目指すのは、都市を歩きながらも、自然のなかを歩いているかのような状況を作りあげるということ。石川氏は、「自然の中に居た方がストレスが少ない。研究論文としては2017年に発表されたもので、そこでは自然の中にはマルチモーダルな刺激があるためだとしている」とのことで、複雑かつさまざまな刺激を都市で提供する方法のプロトタイプとして、雪の中や水の中などを歩いているような感覚になるシステムを考案したとする。
具体的には、等身大の映像刺激、その映像を意味する周辺環境の音刺激、そして手に持った触覚デバイスによる歩くごとに提供される擬似的なその空間に沿った刺激で構成される。本当は匂いも用意できればよいのだが、と石川氏は語るが、まだそこまではできていないそうである。
また、歩くのであれば、触覚デバイスは手ではなく、足のほうが良いのではないかと思う人もいるかと思うが、石川氏によると、認識率が足よりも手に持ったほうが、高いという研究結果によるためだという。実際、手の筋肉は、人間が普段意識しなくても、細かく振動していることが分かっており、感覚に機敏な反応を示すことから、そういった結果が導き出されたものと考えられる。
重い荷物が自動でついてくる「移動ロボット」
「移動ロボット評価」は、Automation領域研究の1つで、次世代電動車いす・パーソナルモビリティ「WHILLシリーズ」を手がけるWHILLと共同で開発を進めている自動運転方のパーソナルモビリティの実現に向けた取り組みで、デモとしては、自動運転尾WHILLの後ろを、自動追尾型の無人荷台がついてまわる、というものが公開された。
今回は空港での利用を想定した環境(スロープなど)を用意して、開発評価などを行う様子が示されたが、自動運転機能自体は、WHILLがCES 2019に併せて発表したものではなく、パナソニックが開発したものを利用。
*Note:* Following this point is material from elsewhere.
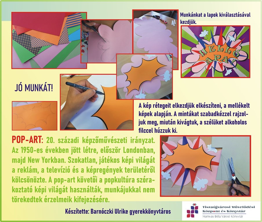 POP-ART: 20. századi képzőművészeti irányzat. Az 1950-es években jött létre, először Londonban, majd New Yorkban. Szokatlan, játékos képi világát a reklám, a televízió és a képregények területéről kölcsönözte. A pop-art követői a popkultúra szórakoztató képi világát használták, munkájukkal nem törekedtek érzelmeik kifejezésére.

地図については、BIMデータなどから作成する方法と、レーザレンジファインダ(LRF)などを活用して、機体自身が作っていく方法のいずれも開発をしているという。
ロボットを支える要素技術
4つ目となる「要素技術」は、文字通り、ロボティクス技術の基幹となるセンシングやアクチュエータといった技術に関してのデモが紹介された。
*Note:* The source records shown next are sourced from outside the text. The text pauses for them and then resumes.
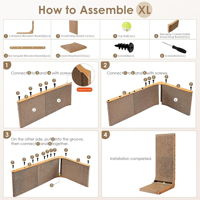 - EASY INSTALLATION: Our cat scratching board adopts a simple installation method and comes with instructions and necessary tools. We also provide an installation video so that you can install it quickly and easily.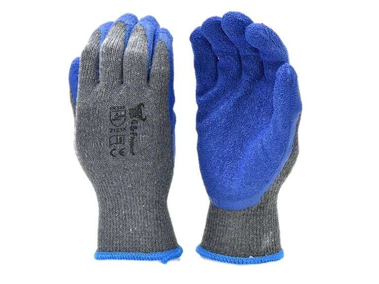 LOT 710 - G & F Work Gloves - Rubber Latex Coated - Leather 12-Pairs (Men), XLarge , blue and yellow
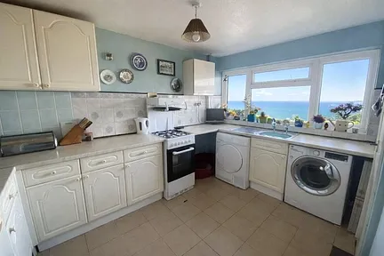 The kitchen is fitted with a range of cupboards and provides space and plumbing for a washing machine, along with space for a gas cooker. The combi boiler is also located here. From both the kitchen and the double bedroom, there are stunning views across the Bristol Channel, creating a wonderful coastal backdrop.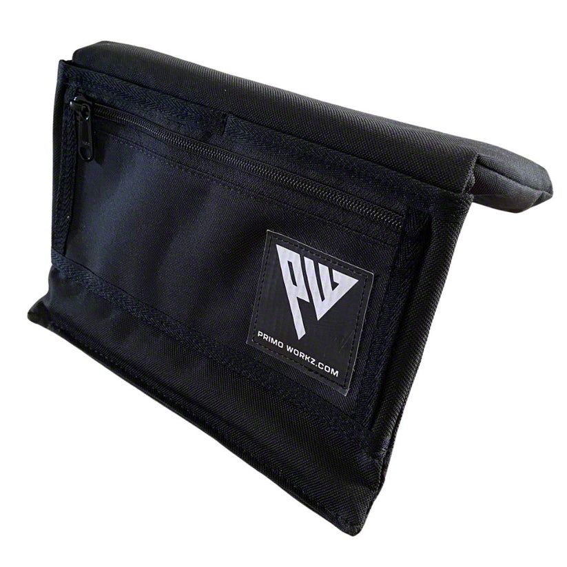 Construction and Appearance. Constructed with a stainless steel plate frame and covered in durable 600D black canvas, the Primo Workz Armrest is designed to withstand daily use. It also features industrial-grade #5 YKK zippers and sliders for added durability and functionality.

今回、デモとして公開されたのは、ビデオカメラなどでも活用されている振動を吸収するスタビライザ技術と、高精度制御による跳躍ロボットの2つ。
そのほか、同社としては、さまざまな要素技術を、さまざまな分野の製品などに活用してきているということで、そうした技術を集め、ロボット向けとして開発や使い勝手の効率の向上を図っていくことで、今後のロボティクス開発の加速につなげたいとしている。
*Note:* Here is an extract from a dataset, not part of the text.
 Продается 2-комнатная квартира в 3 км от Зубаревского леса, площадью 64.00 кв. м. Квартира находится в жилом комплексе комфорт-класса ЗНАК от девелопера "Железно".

なお、Robotics Hub全体の人員規模は非公開とのことであるが、「ロボティクス活動を見てくれている社員としては、バーチャルに連携してくれている者も含めると、600~700名ほど」とのことで、今後も引き続き、社内外も多くの人の力を借りつつ、ロボット技術の発展を目指していきたいとしていた。